Kids with high risk disease have to undergo the most intense chemo available and even after radiation, chemo, surgery, stem cell rescue, and immunotherapy, about 30% survive for 5 years. If neuroblastoma comes back (relapse) or stops responding to therapy (refractory, like Toby), it is usually viewed as a terminal illness.

Most children with neuroblastoma will be DEAD long before any government funding will be secured and utilized to create treatment options. Money for a cure is needed today to continue giving not just HOPE but real clinical options to save our kids from dying.

The five year survival for all kids with neuroblastoma is about 55%. This is when you include high risk kids and even the infants with tumors that self resolve and others who just have to have a tumor removed with no chemo.

55%.

What does that look like?

Let's say an average kindergarten class has 24 kids. Now assume that they are all diagnosed with neuroblastoma on the first day of school.

Five years later, when they are about to start 5th grade how many kids in that class would even be alive?

13 alive (13.2 to be exact)
11 dead

Now, lets assume that instead of those 24 kids being diagnosed with NB on the first day lets pretend that they all are diagnosed as relapsed/refractory neuroblastoma (like Toby) on the first day of school.

About how many kids would graduate high school?

1 student alive....maybe.
23 kids dead

Less than 5% long term survival of relapsed NB.

For that 1 student to even make it he/she would have had to undergo the most intense chemotherapy treatment imaginable. He/she would (most likely) be sterile, severely hearing impaired, bearing multiple scars from multiple surgeries, still on some form of therapy, receiving special services, and very UNLIKELY to live long enough to even make it to high school. If NB did not come back, the risk of a secondary cancer - FROM THE TREATMENT - would be high due to radiation and certain chemotherapy agents.

How is this acceptable? Where is the outrage? The action?
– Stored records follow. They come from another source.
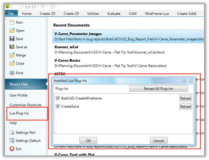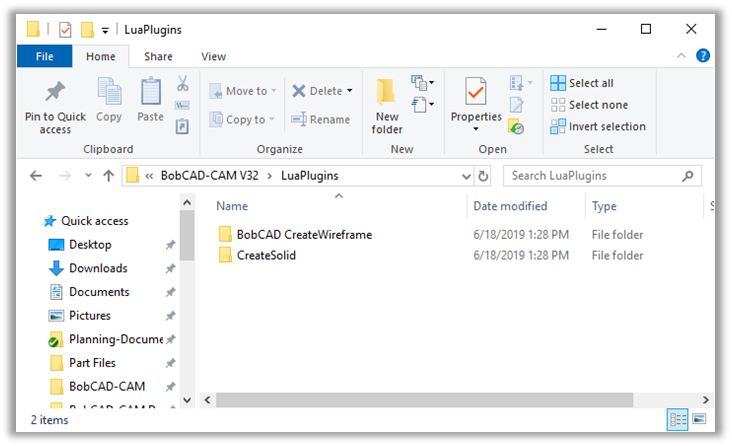 A folder named LuaPlugins should be located in your BobCAD-CAM Data\BobCAD-CAM V##\ folder which will house the Lua plug-ins that you create.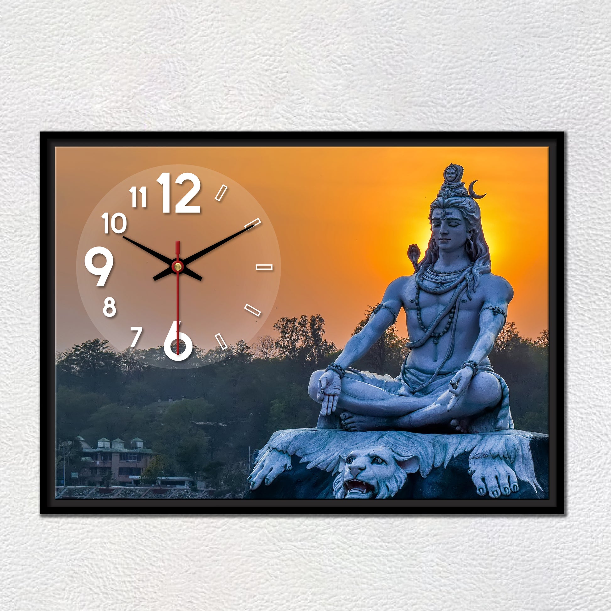 Floating Frame Lord Mahadev Wall Painting with Clock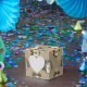 Favour boxes featuring a vintage potion bottle with gothic florals in accents of burgundy and black with a grungy goldish background.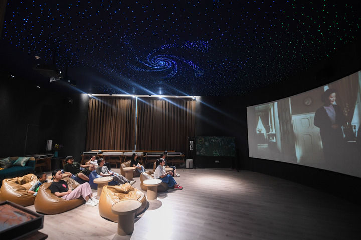 居民在位于杭州市富陽區銀湖街道硅谷社區的“合之舍”書房的影視廳內觀看電影。該書房是銀湖街道“15分鐘品質文化生活圈”的重要示范點(2022年7月2日攝)。新華社記者 徐昱 攝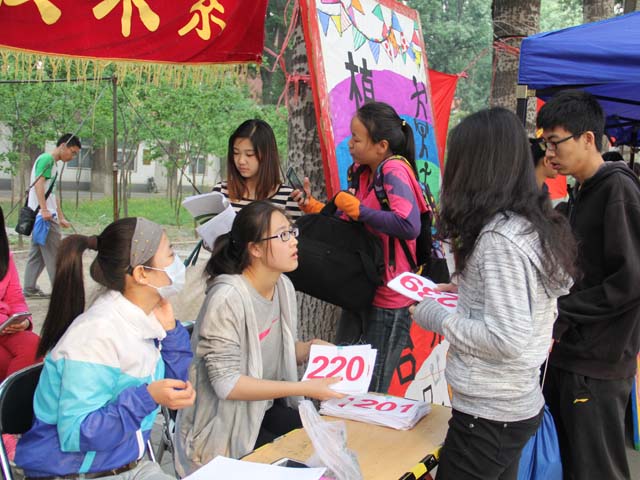 4月25日早上6:30,植科服务台的工作人员早早的来到场地开始布置。杨柳絮还在空中尽情飞舞,可夏日的脚步已悄然而至。服务台与赛场仅仅间隔一面铁丝网,可赛场内精彩纷呈的比赛他们无暇顾及,一张桌子便是他们战斗的舞台,时时刻刻为即将参赛的运动员准备着各种能量补给,为运动员们发放号码簿,通知同学检录等。虽然给予运动员的只有简单的帮助,但每一位幕后工作人员都恪尽职守,承担着自己的责任,体现了植科学院全体成员服务大家、奉献自我的精神与决心。

It is 2009 and we live in the greatest nation in the history of planet Earth and yet this disease that accounts for 7% of pediatric cancer cases ALSO accounts for 15% of pediatric cancer deaths???

It is the most common cancer in infants....in INFANTS...yet nothing has been done about survival. It would be pathetic if it were not so tragic.

I don't even know if a word exists to properly describe this absurd reality.

And now, as my son strives to be the 1 kid to survive treatment out of his relapsed NB classmates the one thing that stands in our way is, of all things, money.

++++++++

A week from today, on Saturday, May 9, we'll be walking in Central Park to raise funds for neuroblastoma research and treatment at Memorial Sloan-Kettering. If you are in the NY area and can join us on Toby's Team we would be thrilled and grateful. If you can add some money to the pot, well that would be amazing. Please visit www.walkforkidswithcancer.org to learn more or email Reva at walkwithtoby (at) gmail.com. And please consider making a donation to Band of Parents or MagicWater or CNCF or Solving Kids Cancer, organizations with a common cause to help save children's lives.

Thank you.

love,
Mooki + Stephen + Yoni + Toby

Saturday, April 11, 2009

Erin


The world lost a radiant child on Thursday. Erin Buenger, 11 years old and quite likely the first woman president of the U.S. She was brainy, compassionate, beautiful and absolutely crackling with energy and zest. Soon after Toby was diagnosed I found her mother's incredible blog and cannot tell you how many times Erin's attitude turned me around. She did great things in her short life. We grieve with her family.